--- THE DATA Enclosed Below ---

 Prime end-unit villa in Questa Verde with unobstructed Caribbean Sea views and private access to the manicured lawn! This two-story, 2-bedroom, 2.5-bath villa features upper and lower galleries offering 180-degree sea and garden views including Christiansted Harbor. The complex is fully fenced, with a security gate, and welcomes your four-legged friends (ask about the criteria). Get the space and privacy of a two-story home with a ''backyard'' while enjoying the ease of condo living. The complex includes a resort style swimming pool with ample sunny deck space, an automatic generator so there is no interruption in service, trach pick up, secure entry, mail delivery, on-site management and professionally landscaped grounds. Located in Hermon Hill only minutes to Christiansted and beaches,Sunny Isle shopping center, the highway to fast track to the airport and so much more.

--- End of Enclosed THE DATA ---
--- THE DATA Enclosed Below ---

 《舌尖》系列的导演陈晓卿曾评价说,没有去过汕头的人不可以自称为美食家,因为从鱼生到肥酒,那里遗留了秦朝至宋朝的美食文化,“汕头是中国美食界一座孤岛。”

--- End of Enclosed THE DATA ---
--- THE DATA Enclosed Below ---

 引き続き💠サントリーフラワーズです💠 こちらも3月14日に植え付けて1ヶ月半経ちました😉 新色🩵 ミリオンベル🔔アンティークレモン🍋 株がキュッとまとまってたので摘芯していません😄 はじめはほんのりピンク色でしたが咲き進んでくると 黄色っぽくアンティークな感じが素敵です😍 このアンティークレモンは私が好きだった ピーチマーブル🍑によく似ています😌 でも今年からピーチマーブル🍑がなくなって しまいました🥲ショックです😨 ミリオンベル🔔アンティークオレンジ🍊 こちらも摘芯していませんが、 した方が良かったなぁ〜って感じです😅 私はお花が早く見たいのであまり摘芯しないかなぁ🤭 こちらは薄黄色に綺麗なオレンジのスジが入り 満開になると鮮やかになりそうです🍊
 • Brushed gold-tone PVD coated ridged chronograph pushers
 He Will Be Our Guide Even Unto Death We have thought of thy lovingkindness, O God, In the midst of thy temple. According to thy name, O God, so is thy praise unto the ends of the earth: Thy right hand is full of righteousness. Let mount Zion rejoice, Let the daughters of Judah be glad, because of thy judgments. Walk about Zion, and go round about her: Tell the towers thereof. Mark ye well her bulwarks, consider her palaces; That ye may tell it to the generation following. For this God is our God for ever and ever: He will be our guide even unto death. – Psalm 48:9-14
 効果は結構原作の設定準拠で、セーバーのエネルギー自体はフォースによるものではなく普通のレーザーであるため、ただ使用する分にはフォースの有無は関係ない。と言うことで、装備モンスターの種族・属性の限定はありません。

--- End of Enclosed THE DATA ---

I'd like every line with the string "about" copied from the listing.

 Prime end-unit villa in Questa Verde with unobstructed Caribbean Sea views and private access to the manicured lawn! This two-story, 2-bedroom, 2.5-bath villa features upper and lower galleries offering 180-degree sea and garden views including Christiansted Harbor. The complex is fully fenced, with a security gate, and welcomes your four-legged friends (ask about the criteria). Get the space and privacy of a two-story home with a ''backyard'' while enjoying the ease of condo living. The complex includes a resort style swimming pool with ample sunny deck space, an automatic generator so there is no interruption in service, trach pick up, secure entry, mail delivery, on-site management and professionally landscaped grounds. Located in Hermon Hill only minutes to Christiansted and beaches,Sunny Isle shopping center, the highway to fast track to the airport and so much more.
 He Will Be Our Guide Even Unto Death We have thought of thy lovingkindness, O God, In the midst of thy temple. According to thy name, O God, so is thy praise unto the ends of the earth: Thy right hand is full of righteousness. Let mount Zion rejoice, Let the daughters of Judah be glad, because of thy judgments. Walk about Zion, and go round about her: Tell the towers thereof. Mark ye well her bulwarks, consider her palaces; That ye may tell it to the generation following. For this God is our God for ever and ever: He will be our guide even unto death. – Psalm 48:9-14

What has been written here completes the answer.